There is a scene in the movie where one of the bad guys has the Prague police pinned down from a sniper’s position in a large industrial storage room. Xander comes into the scene, surveys the situation, grabs a bazooka and utters:
This quote is the ultimate in “think differently” messaging, which is exactly what we need to do when we think about data modeling in a big data world.
History of Data Modeling By Bill Schmarzo
The world of data modeling (at least as it pertained to Bill Schmarzo) started with third normal form (3NF) and E. F. Codd. E. F. Codd defined third normal form data modeling in 1971 as a database normalization technique to improve data base processing while minimizing storage costs. 3NF data modeling was ideal for online transaction processing (OLTP) applications with heavy order entry type of needs.
When I was coding in the early 1980’s, disk space and processing power were extremely expensive. 3NF was designed to minimize the amount of data that we needed to store by ensuring that we eliminated data redundancy in storage. Heck, the entire “Y2K” panic was caused by programmers like me hardcoding “19” into the date (year) field so that we could save two bytes each time that the “year” field was used in calculations or reporting.
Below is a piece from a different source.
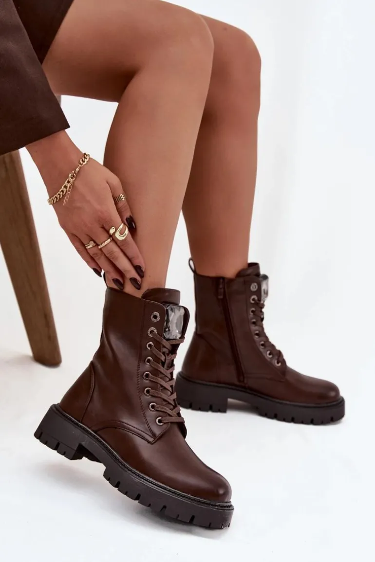 Botki workery damskie wykonane z eko skóry to praktyczna i stylowa propozycja na chłodniejsze dni. Model łączy w sobie funkcjonalność i modny wygląd – zapinany na zamek oraz sznurowany, co pozwala na idealne dopasowanie do stopy i wygodne zakładanie. Zaokrąglone noski nadają butom klasycznego charakteru, a ocieplane wnętrze z pianki pokrytej tkaniną zapewnia ciepło i komfort podczas noszenia. To uniwersalny model, który doskonale sprawdzi się w codziennych stylizacjach. Przy wyborze rozmiaru prosimy sugerować się tabelą rozmiarów.

When we were writing programs in the 1980’s, no one dreamed that our programs would still be running 20+ years later (I wonder if anyone ever found all the Easter eggs that I buried in my code, he-he-he).
As a result, we ended up with OLTP data models that looked like Figure 1.
Data Modeling For Business Users
While 3NF was ideal for machine processing, the spaghetti nature of the data model was uninterpretable by a human user. The world of analysis (a.k.a. query, reporting, dashboards) required a different type of data model that supported analysis such as trend lines, period-to-date calculations (month-to-date, quarter-to-date, year-to-date), cumulative calculations, basic statistics (average, standard deviation, moving averages) and previous period comparisons (year ago, month ago, week ago).
Ralph Kimball, while at Metaphor Computer Systems, pioneered dimensional modeling, or star schemas, in the early 1980s (see Figure 2). The dimensional model was designed to accommodate the analysis approach of the business users via two important design concepts:
- Fact tables (populated with metrics, measures or scores) that correspond to transactional systems such as orders, shipments, sales, returns, premiums, claims, accounts receivable, and accounts payable. Facts are typically numeric values that can be aggregated (e.g., averaged, counted, summed).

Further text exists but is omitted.